One House. One Spouse. One Job.

Today’s Saturday Selection comes courtesy of The White Coat Investor. I believe the title may be Dr. Dahle’s version of One Bourbon, One Scotch, One Beer. Picture yourself around a campfire near Lake Powell and sing it with me, “one house… one spouse… and one job. Now ain’t seen my wakeboat since I don’t know when…”

To be honest, I haven’t followed this advice very well. I’ve had several jobs and we once owned five homes at the same time (we’re down to two plus some additional lakefront property). Thankfully, I’ve got one spouse, and I plan to keep her forever.

Even the good doctor who wrote the article has had more than one job ever since he started his website in 2011, but this post does not argue against having a side gig. It’s more the fact that job hopping can be bad for your career and pocketbook. As always, this post originally appeared on The White Coat Investor.

One House. One Spouse. One Job.

 

We spend way too much time discussing minor details of mutual funds, retirement accounts, and insurance policies and probably too little time discussing what really matters in personal finance. That can be summed up in the phrase One House, One Spouse, One Job.

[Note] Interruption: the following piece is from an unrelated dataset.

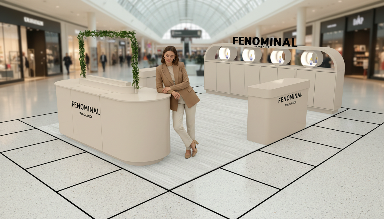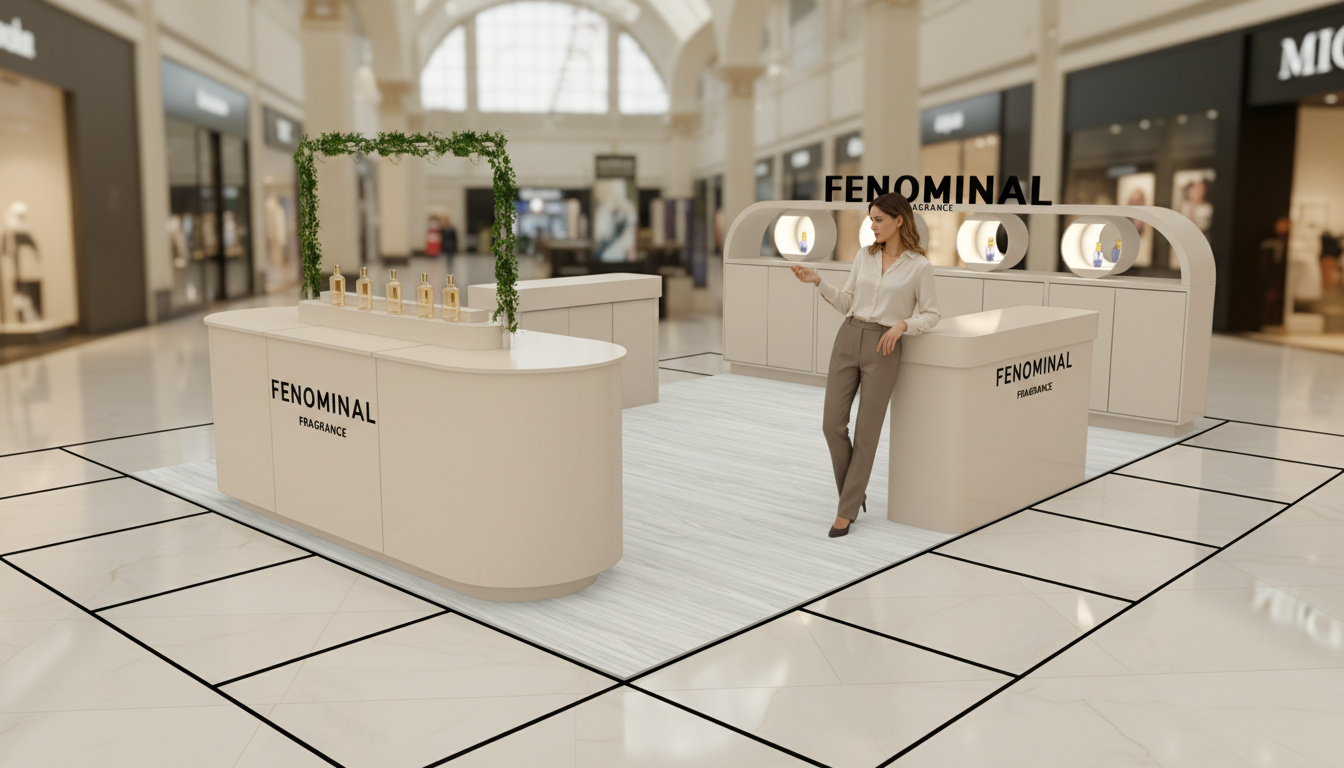 Fenominal Almanya AVM Standı, markanın Avrupa pazarındaki konumunu güçlendiren stratejik bir projedir. KheironStand bu projede tasarım sürecini baştan sona yönetti. Ekibimiz konsepti oluşturdu, üretimi planladı ve tüm detayları titizlikle uyguladı. Böylece Fenominal Parfüm markası Almanya’daki seçkin alışveriş merkezlerinde güçlü bir vitrin kazandı. Bununla beraber stand, yalnızca ürün sergilemedi; aynı zamanda premium bir marka deneyimi sundu.

Avoiding the True Pitfalls in Personal Finance

 

Personal finance writers often spend far too much time on the little things in personal finance, and far too little on the things that really matter. Consider how many articles you have read discussing the Latte’ Factor, choosing the correct cash-back credit cards, avoiding restaurant meals, buying used cars, and using coupons. The truth is that for most physicians most of what you need to know to avoid the real pitfalls in personal finance is encapsulated in a single phrase: One House, One Spouse, One Job.

 

One House

 

Physicians fall into the Multiple House Trap in 2 different ways. One is to have serial houses, and the other is to have parallel houses.

 

1) The Serial House Issue

 

This is when you change houses every few years. Buying and selling a home involves some serious transaction costs. A good general rule of thumb is 5% to buy and 10% to sell. Don’t believe it’s that high? Go back and look at your closing statements for your last home, and then look at your credit card statement for the 3 months before and after.

Contract Diagnostics
Sellers tend to pay for upgrades, repairs found on the inspection, closing costs for the buyer, and realtor fees. Purchasers pay for loan costs, upgrades, and maintenance items such as snow blowers, lawn mowers, and power tools.

For a $500,000 house, the 15% round trip cost of purchasing and selling a home is $75,000, or more than many physicians save toward retirement in a single year. Do that a few times and you will find yourself way behind the 8 ball compared to your “one house peers” when it comes to retirement savings.

 

2) Parallel Houses

 

The vacation home. It might be a beach house, a mountain house, a lake house, or simply another house. A second home generally doubles all your housing-related expenses: Mortgage, taxes, maintenance, upgrades, furnishings, utilities, etc., not to mention those same transaction costs and the cost of traveling between your 2 homes.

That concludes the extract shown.